JABAR EKSPRES – Bahasa Indonesia tengah menghadapi gempuran bahasa asing. Martabatnya kian tergeser di tanah sendiri. Bahkan ironisnya, instansi pemerintah jadi investor terbesar kerusakan Bahasa Indonesia.
Hal itu diungkapkan Kepala Badan Pengembangan dan Pembinaan Bahasa, Kementerian Pendidikan, Kebudayaan, Riset, dan Teknologi Prof. E Aminudin Aziz, Senin (6/11). “Investor kerusakan terbesar Bahasa Indonesia adalah Instansi Pemerintah,” cetusnya dalam Gelar Wicara dan Anugerah Kawistara 2023 oleh Balai Bahasa Jawa Barat itu.

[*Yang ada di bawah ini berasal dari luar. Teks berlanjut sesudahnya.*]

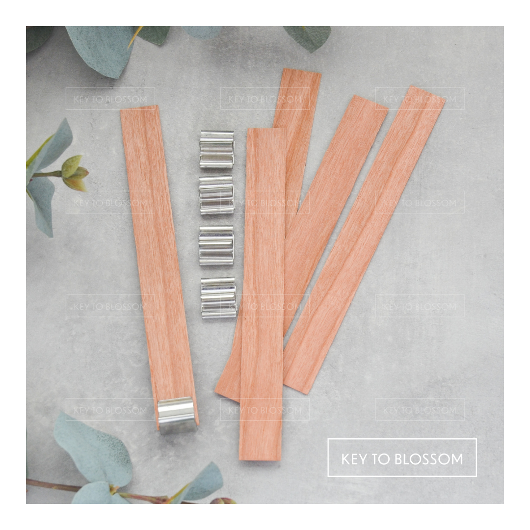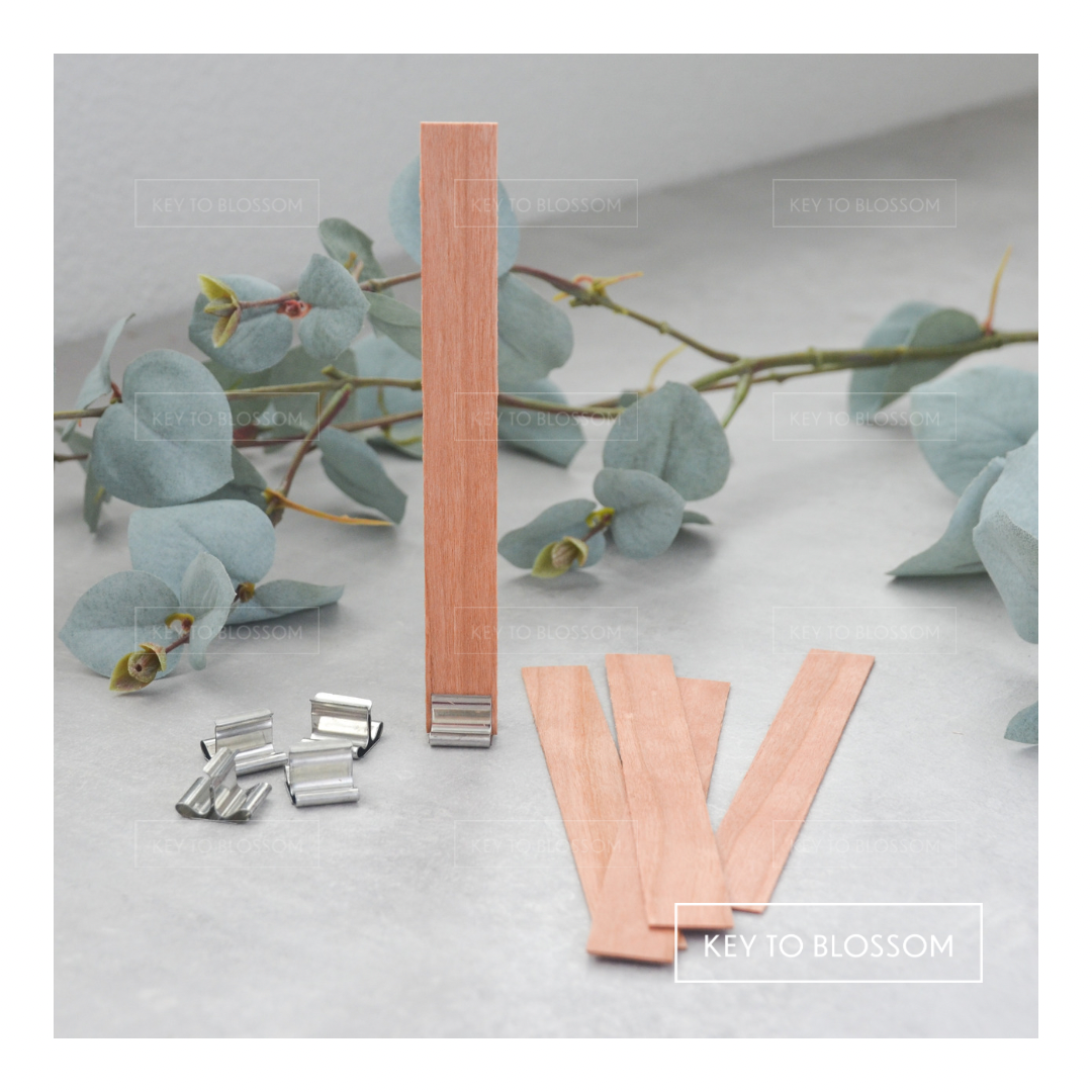 Sie erhalten eine Tüte mit 5 Kerzendochten aus Holz mit einer Länge von 13 cm, inklusive Metallhaltern zur Befestigung.

Semestinya instansi pemerintah bisa menertibkan sendiri terkait penggunaan bahasa itu. “Pemerintah ada yang suka gunakan bahasa asing, padahal ada padanannya di Bahasa Indonesia,” cetusnya.
Baca Juga:Israel Berencana Hancurkan Gaza untuk Proyek Kanal Ben Gurion?Masuk Peralihan Musim, Pemkab Bandung Ingatkan Warga Waspada Cuaca Ekstrem
“Kami sebagai Badan Bahasa mengajak semua elemen masyarakat untuk sama-sama menjaga martabat Bahasa Indonesia. Sejarah mencatat pada Sumpah Pemuda, Bahasa Indonesia dijunjung sebagai Bahasa Persatuan,” pungkasnya. (son)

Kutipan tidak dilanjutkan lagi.